Ein großes Problem sieht er in diesem Zuge auch – wie Hallaschka – in der mangelnden Begegnung der Kulturen und der fehlenden Aufklärung. "Was man kennt, kann man nicht hassen", so der Moderator. Gerade vor dem Hintergrund der deutschen wie jüdischen Geschichte müsse man Verantwortung übernehmen, um Orte der Begegnung und Aufklärung zu schaffen. Molcho pflichtet bei: "Es gibt einen Unterschied zwischen Schuld und Verantwortung." Letztere habe jeder Mensch, nicht nur Deutschland. "Aber für Schuldgefühle gibt es heute keinen Grund mehr – nicht in der dritten Generation".
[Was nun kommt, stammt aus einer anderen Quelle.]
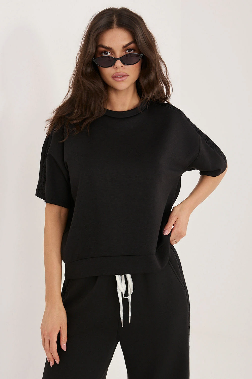 Dámský top s univerzálním charakterem je ideální volbou na každodenní nošení i do práce v méně formálním stylu. Jeho minimalistický, hladký design umožňuje snadné sladění s mnoha outfitovými styly, ať už s džínami, elegantními kalhoty nebo sukní. Model s klasickou délkou a krátkým rukávem poskytuje pohodlí a volnost pohybu, zatímco jemné krajkové pruhy na rukávech dodávají celkovému vzhledu jemný ženský akcent. Kulatý výstřih zdůrazňuje klasický charakter topu a zajišťuje, že vypadá uklizeně a nadčasově. Vyrobený z vysoké kvality směsi polyesteru, viskózy a elastanu, top je příjemný na dotek, elastický a dobře padne na postavě. Bez zapínání zvyšuje pohodlí nošení a dodává mu jednoduchý, moderní tvar. Jedná se o praktický a stylový kousek do šatníku, který se osvědčí v mnoha každodenních situacích.

Ein Beispiel für Begegnungen und ein Miteinander sei die Kulinarik. Die levantinische Küche stelle ein verbindendes Element zwischen der israelischen und palästinensischen Kultur dar und sei über die Jahre aus der Geschichte heraus gewachsen, erklärt Molcho. Und genauso müsse es mit anderen Bereichen auch geschehen: Kein Seite an Seite oder gar ein Gegeneinander, sondern ein Miteinander.